The University at Buffalo shaking table is a 12 X 12 foot table with five degrees of freedom (DOF), all of which can be individually programmed. The sixth DOF is constrained by two hydrostatic slide bearings. Reinforcing rods, located biaxially in the table, are capable of tension adjustment to "tune" the table structure with test loads mounted on it. Motion is produced by servocontrolled electrohydraulic actuators.
Structural models of up to 50 metric tons (110,000 lbs.) can be shaken with a maximum acceleration of .5 g in the horizontal direction and 1 g in the vertical direction. At less than full load, the maximum accelerations are considerably greater. The system is capable of developing velocities of 30 in./sec. in the horizontal and vertical directions. At low frequencies, the system is limited by displacements of 6 in. laterally and 3 in. vertically.
Strong Floor Testing:Quasistatic
Pseudo-Dynamic Testing
Effective Floor Testing
Centrifuge Testing
The George Winter and Concrete Laboratories
The George Winter Laboratory includes a crane bay 55’ x 60’ by 40’

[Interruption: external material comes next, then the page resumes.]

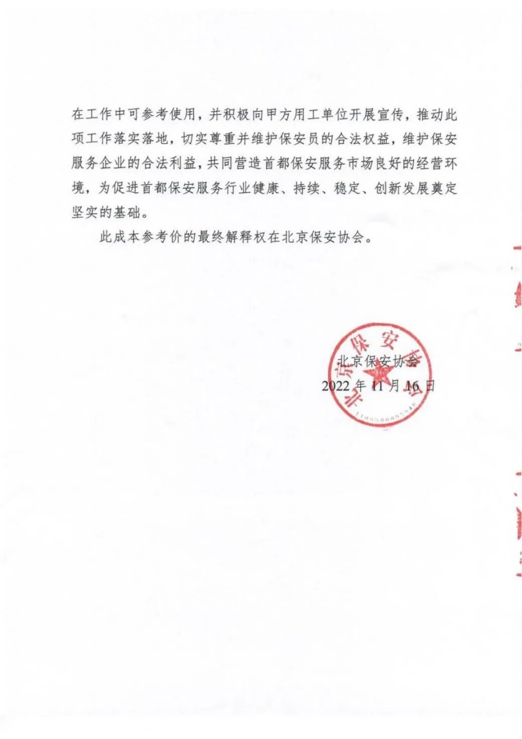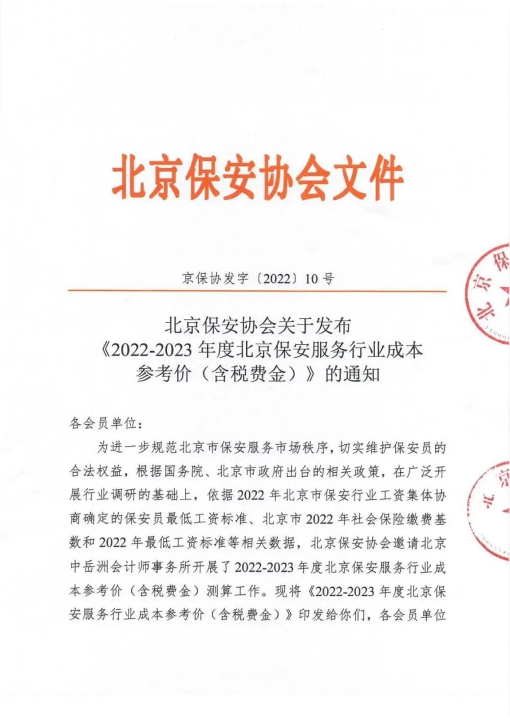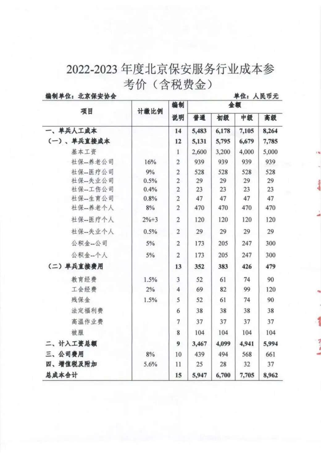 为进一步规范首都保安服务市场秩序,切实维护保安员的合法权益,根据国务院、北京市政府出台的相关政策,在广泛开展行业调研的基础上,依据北京市保安行业工资集体协商确定的保安员最低工资标准、北京市政府公布的社会保险缴费基数和北京市最低工资标准等相关数据,北京保安协会积极开展了2022-2023年度北京保安服务行业成本参考价(含税费金)测算工作,编制了《2022-2023年度北京保安服务行业成本参考价(含税费金)》(以下简称《成本参考价》),并于2022年11月25日正式发布。 北京保安协会领导对此项工作高度重视,将其列入年度重点工作,并指定专人推动落实。前期,协会积极开展行业调研,征求业内及法律相关专家意见,在人社局全市最低工资标准的基础上,经与行业工会集体协商,确定了北京市保安服务行业最低工资为2600元,并联合北京市保安服务行业工会联合会与全市600余家保安服务企业签署了《2022年北京市保安服务行业工资专项集体合同》,为编制《成本参考价》打下了坚实的基础。 在前期工作的基础上,北京保安协会聘请北京中岳洲会计师事务所,按照相关法律与政策规定,测算了2022-2023年度北京保安服务行业成本参考价(含税费金),出具了报告草案,并经协会常务理事会审议通过。2022年10月,《成本参考价》正式报告报北京市注册会计师协会备案,并向协会领导和市局治安总队领导做了汇报。 《成本参考价》共包含15项内容,充分考虑到以下因素:保安员基本工资;社会保险和住房公积金;按规定提取的三项经费(福利费、工会经费、教育经费);高温作业费;保安员所要配置的被服费用;残保金;合理的公司管理费用;增值税及附加税金,既包含了保安员人力服务成本,也包含了保安服务业微利收益,每一项都有相应的法律、法规为依据。按照《成本参考价》正式报告的结果,确定2022年至2023年度北京市保安服务行业成本参考价(含税费金):普通保安员为5947元。 北京市保安服务企业在实际工作中可参考使用《成本参考价》,并积极向甲方用工单位开展宣传,切实发挥其在企业发展中应有的作用。北京保安协会也将通过多种渠道向有关部门及全社会宣传《成本参考价》,充分发挥其在尊重并维护保安员和保安服务企业的合法权益、规范首都保安服务市场秩序等方面起到的积极作用,不断推动《成本参考价》落地落实,与保安服务企业共同营造首都保安服务市场良好的经营环境,为促进首都保安服务行业健康、持续、稳定、创新发展奠定坚实的基础。 附:《2022-2023年度北京保安服务行业成本参考价(含税费金)》
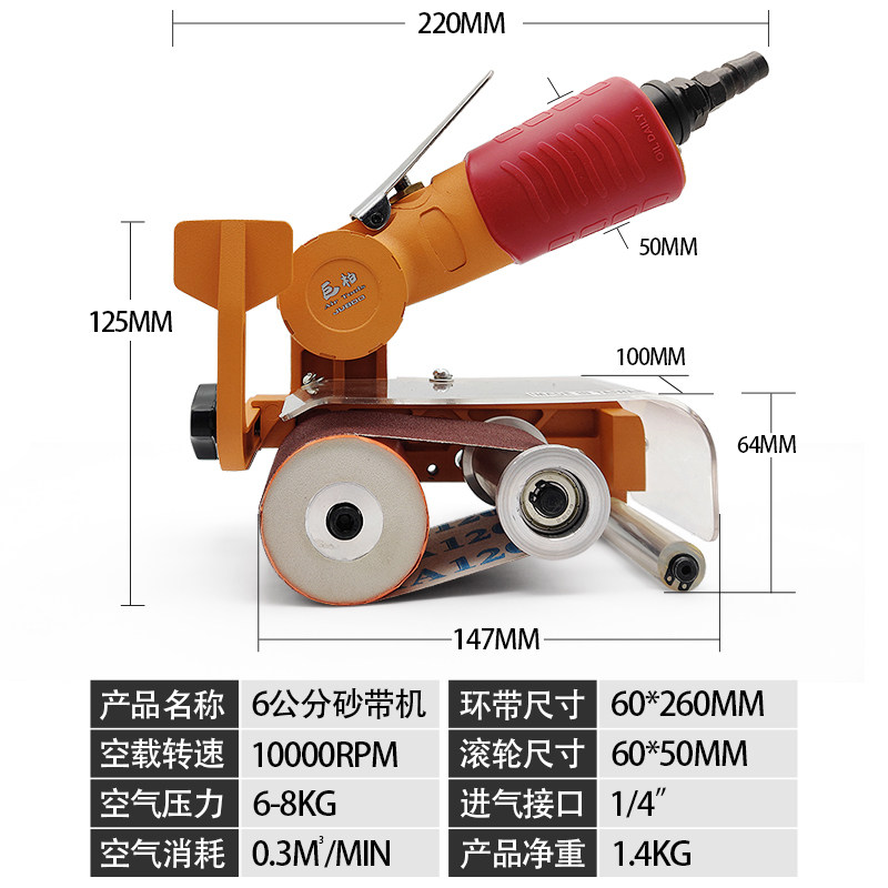 6 cm pneumatically powered sand belt machine

high and a 6000 square foot low bay. The crane bay has 18’ high, 12"
thick concrete walls spanning the 15’ horizontal distances between heavy,
laced, concrete jacketed columns that support the roof. The columns are designed
as reaction points for vertical downward loads up to 750 kips at any point,
vertical upward loads up to 50 kips at any point, and horizontal loads up to 50
kips in any direction within the lower 18’ of the columns. The high bay is
floored with 18" of reinforced concrete that can withstand a load of
100,000 psf. There is a grid of twenty-seven floor anchors; each with a vertical
uplift capacity of 200 kips. A 10 ton capacity crane services the bay. A 2 ton
capacity forklift (with a 14’ lifting height) services the Winter and Concrete
Labs. The crane bay has a closed loop hydraulic loading system, which includes:
a 40 gpm pump with a high pressure oil distribution system,
three independent MTS multi-channel servo-controllers,
nine fatigue rated servo-controlled actuators ranging in capacity from 2 kips to 400 kips,
a 200 kip MTS load frame,
a 50 kip MTS load frame,
a 5’ x 7’ single axis, seismic shake table.

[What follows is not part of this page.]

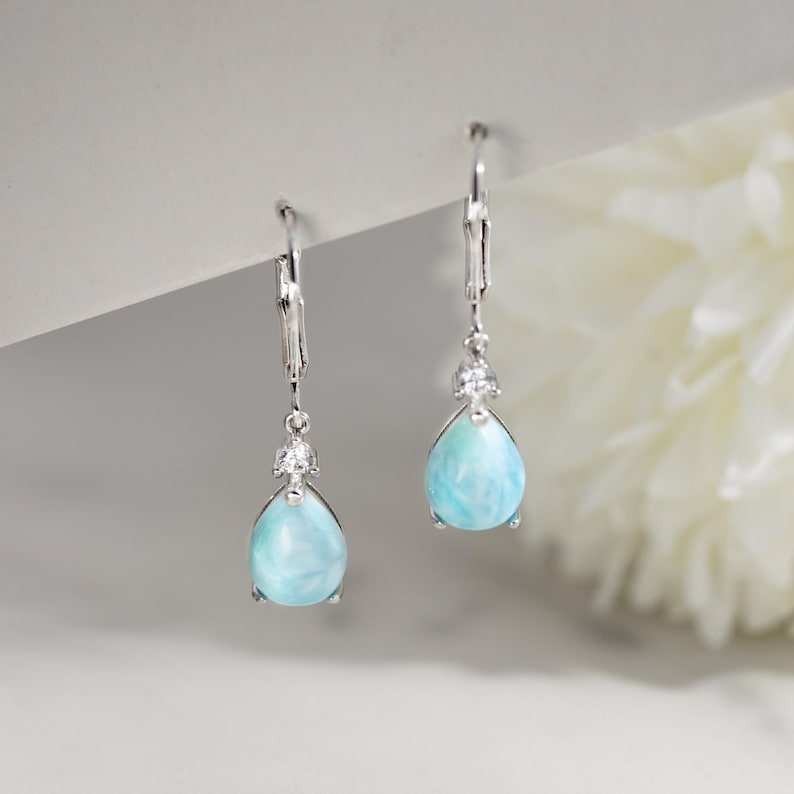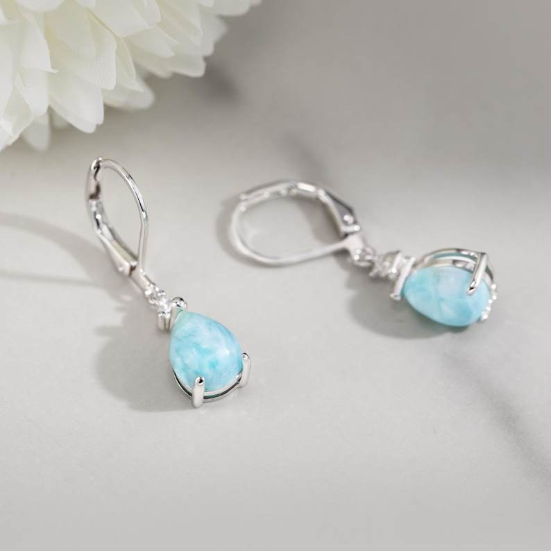 Palabra clave:Pendientes de botón de Larimar con piedra lunar y joyería de gema colgante brillante.

Other testing equipment in the crane bay includes:
a 300 kip Baldwin open loop column tester capable of testing 16’ columns,
a 10 meter long flexible, space frame truss (used in dynamic structural damping research),
three large steel frames designed for testing wall systems and wall/floor connection systems.
The connected low bay is 17’ high and houses equipment for a wide variety of structural engineering and materials research, including:
a 600 kip MTS servo-controlled test frame with control system and independent hydraulic supply, a 400 kip Baldwin testing machine,
a 100 kip Baldwin testing machine,
an 18’ x 8’ vacuum box for uniform loading (of large wall, roof or floor systems),
a wide variety of open loop hydraulic testing equipment ranging from 10 to 200 tons in capacity,
a wide variety of loading hardware
an ASTM C666 freeze/thaw chamber
an AASHTO T-277 rapid chloride permeability test system,
concrete and mortar specimen curing tanks and incubating chambers.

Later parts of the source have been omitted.